**PROBLEM REQUIREMENTS**
Images should not appear in the copy, yet every line of the listing below must be printed exactly.

**SUPPLIED DATA**
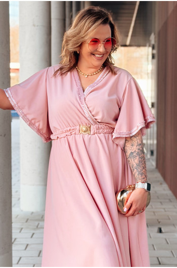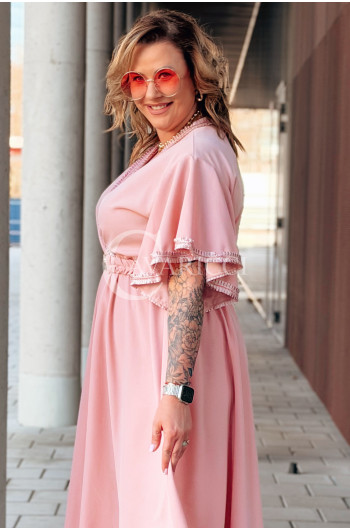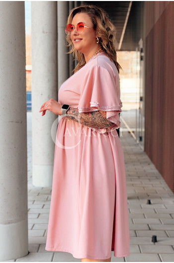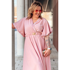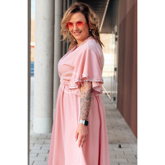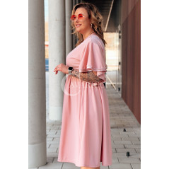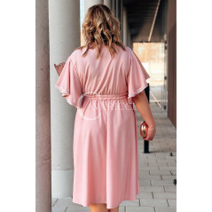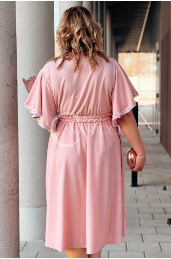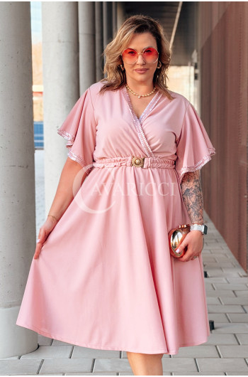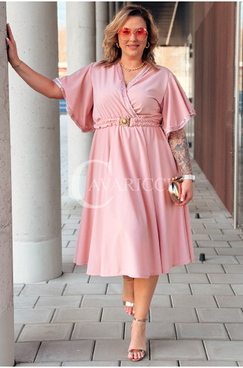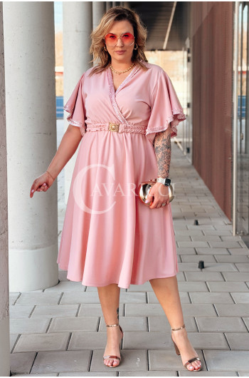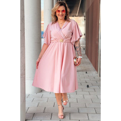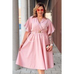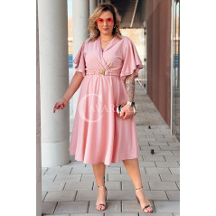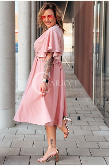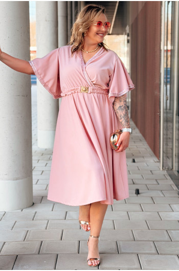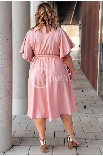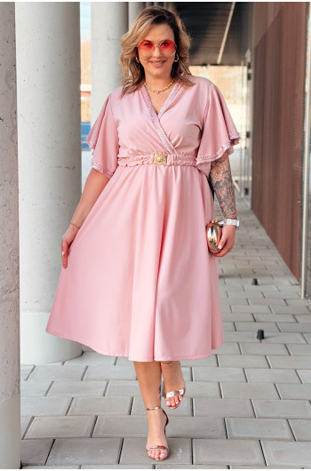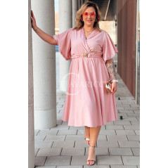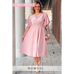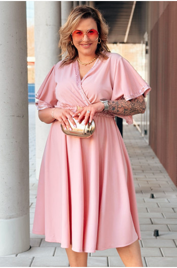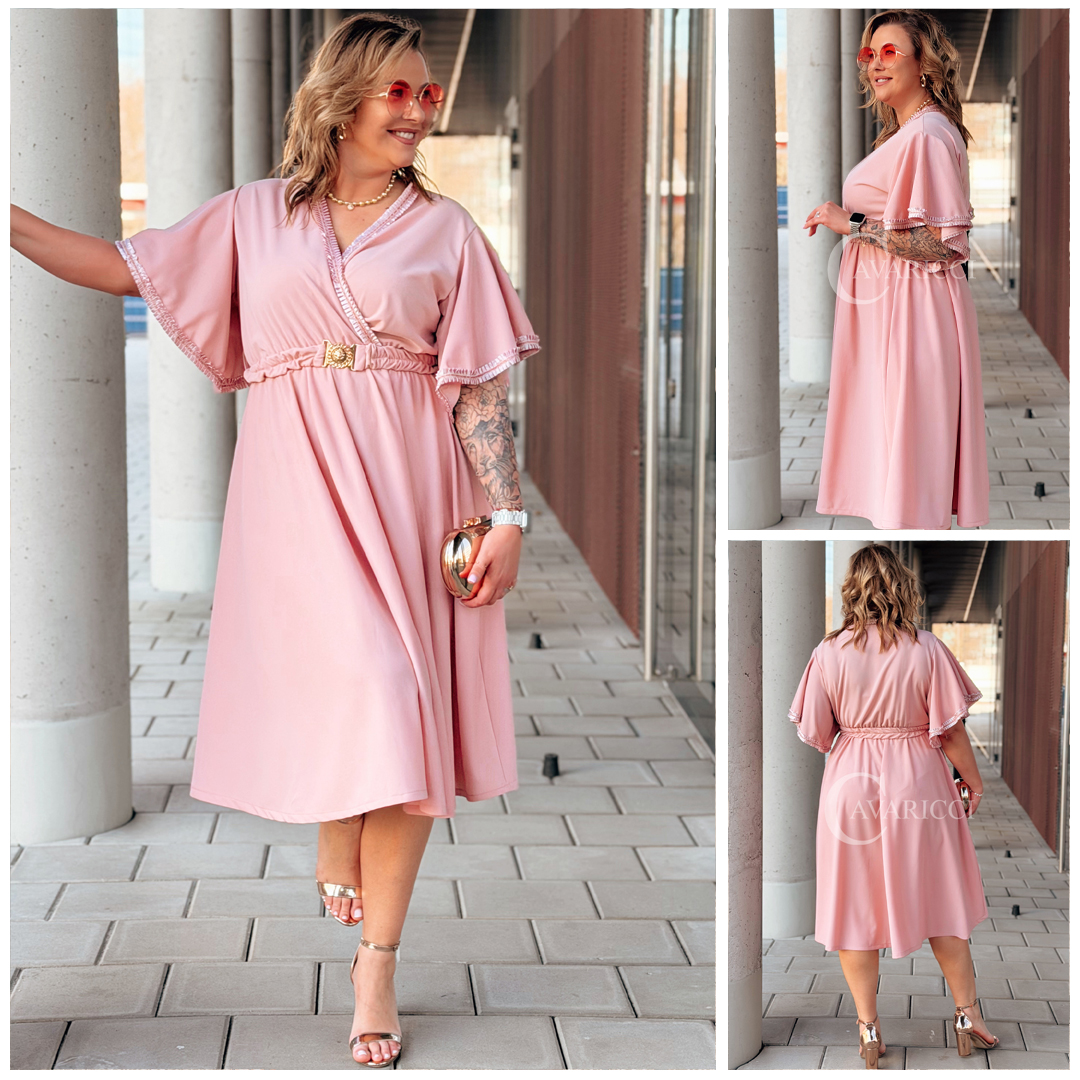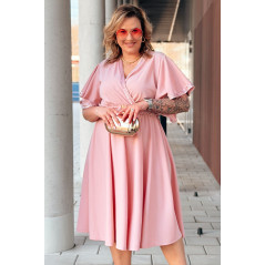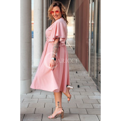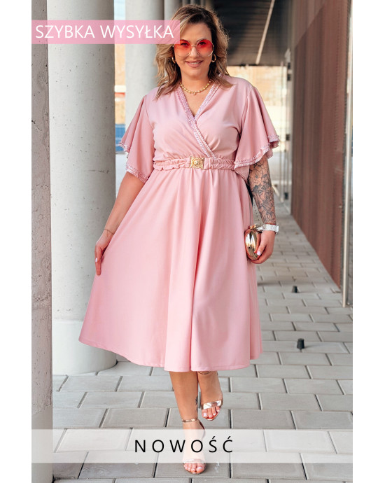 LAVENNA - rozkloszowana sukienka midi z dekoltem w literkę V idealna na wesele w kolorze brudnego różu
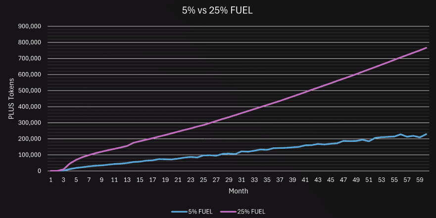 We have played around with the model to see whether increasing the FUEL tax from 5% will increase the quantity of PLUS tokens collected as FUEL to a relatively significant amount, and found that even 5x more FUEL tax (25%) doesn’t increase the quantity of FUEL collected in the first few years by a significant amount. Moreover, this will severely damage the user experience. Hence, we strongly advise avoiding it.
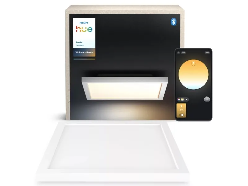 Tilslut Philips Hue White ambiance Aurelle panelet til dit Philips Hue system, og få glæde af naturligt hvidt lys, der hjælper dig med at vågne, få energi, fokusere, læse og slappe af. Designet til at skabe en fornemmelse af mere plads i dit hjem.

**RESULT OF THIS EXERCISE**
 LAVENNA - rozkloszowana sukienka midi z dekoltem w literkę V idealna na wesele w kolorze brudnego różu
 We have played around with the model to see whether increasing the FUEL tax from 5% will increase the quantity of PLUS tokens collected as FUEL to a relatively significant amount, and found that even 5x more FUEL tax (25%) doesn’t increase the quantity of FUEL collected in the first few years by a significant amount. Moreover, this will severely damage the user experience. Hence, we strongly advise avoiding it.
 Tilslut Philips Hue White ambiance Aurelle panelet til dit Philips Hue system, og få glæde af naturligt hvidt lys, der hjælper dig med at vågne, få energi, fokusere, læse og slappe af. Designet til at skabe en fornemmelse af mere plads i dit hjem.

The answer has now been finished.